#### [What to work on]
Please return exactly the lines from the beginning of the listing up to and including the line with "этапе организуется подготовка", with no pictures.

#### [Data extract]

%%

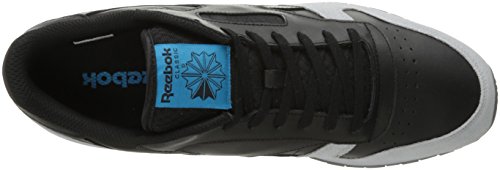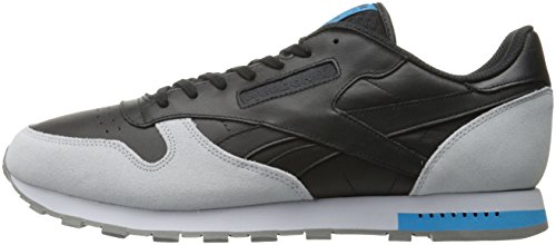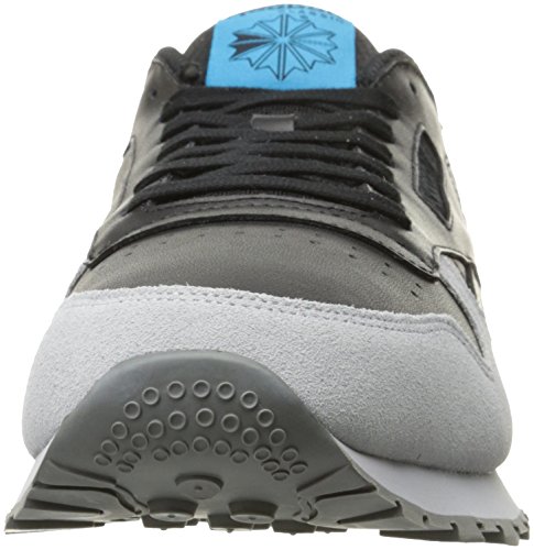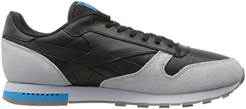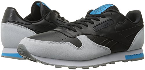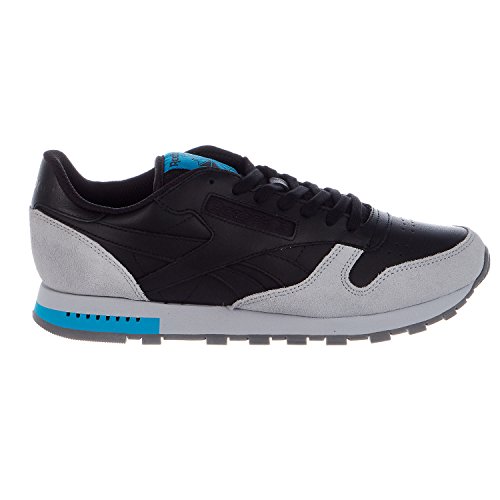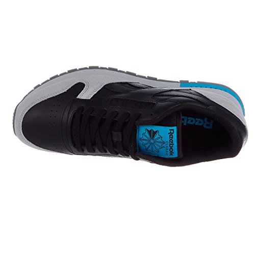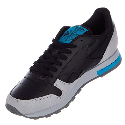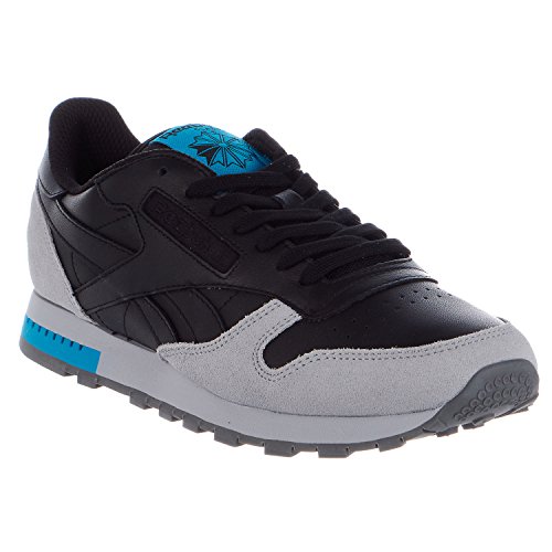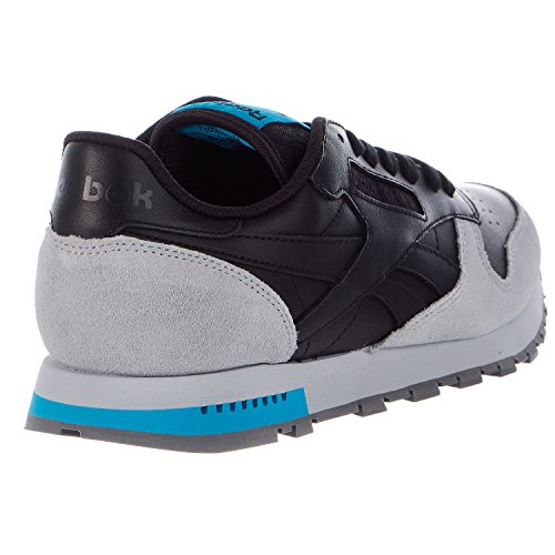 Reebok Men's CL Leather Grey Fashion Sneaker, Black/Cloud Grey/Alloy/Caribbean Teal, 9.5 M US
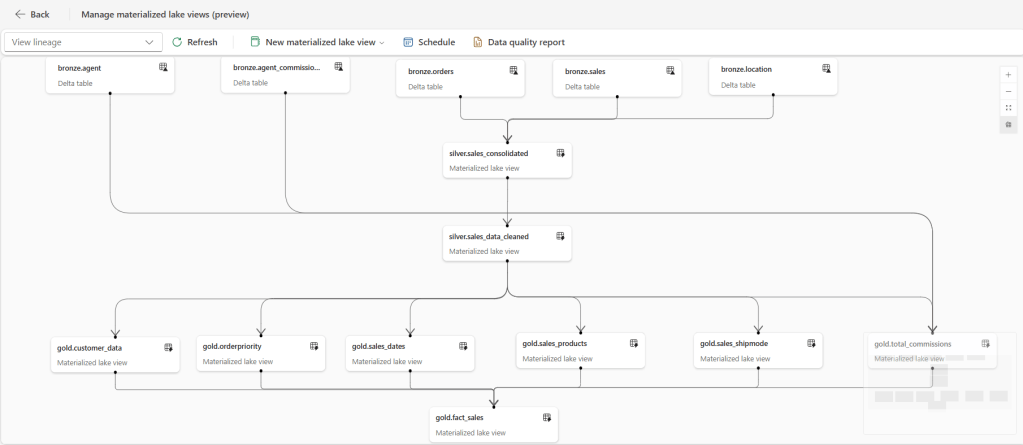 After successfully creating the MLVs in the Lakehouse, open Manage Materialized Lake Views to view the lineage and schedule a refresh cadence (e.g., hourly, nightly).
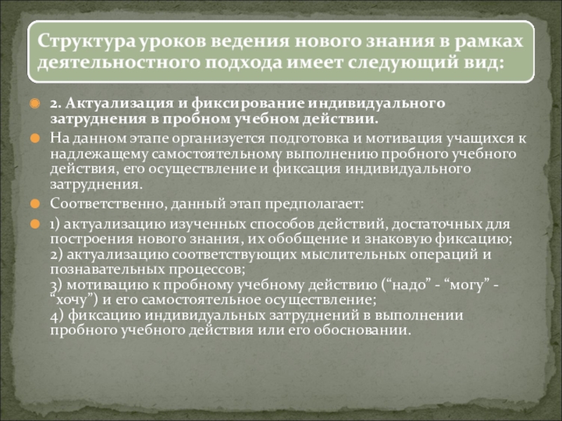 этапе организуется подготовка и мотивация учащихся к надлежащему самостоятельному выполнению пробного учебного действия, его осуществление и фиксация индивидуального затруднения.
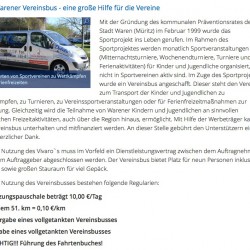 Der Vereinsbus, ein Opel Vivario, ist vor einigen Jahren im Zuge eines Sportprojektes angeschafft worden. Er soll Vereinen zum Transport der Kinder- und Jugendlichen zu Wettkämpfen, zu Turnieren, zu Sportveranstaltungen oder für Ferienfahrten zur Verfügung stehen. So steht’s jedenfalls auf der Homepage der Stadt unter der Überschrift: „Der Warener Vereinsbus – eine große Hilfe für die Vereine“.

%%

#### [Task response]
 Reebok Men's CL Leather Grey Fashion Sneaker, Black/Cloud Grey/Alloy/Caribbean Teal, 9.5 M US
 After successfully creating the MLVs in the Lakehouse, open Manage Materialized Lake Views to view the lineage and schedule a refresh cadence (e.g., hourly, nightly).
 этапе организуется подготовка и мотивация учащихся к надлежащему самостоятельному выполнению пробного учебного действия, его осуществление и фиксация индивидуального затруднения.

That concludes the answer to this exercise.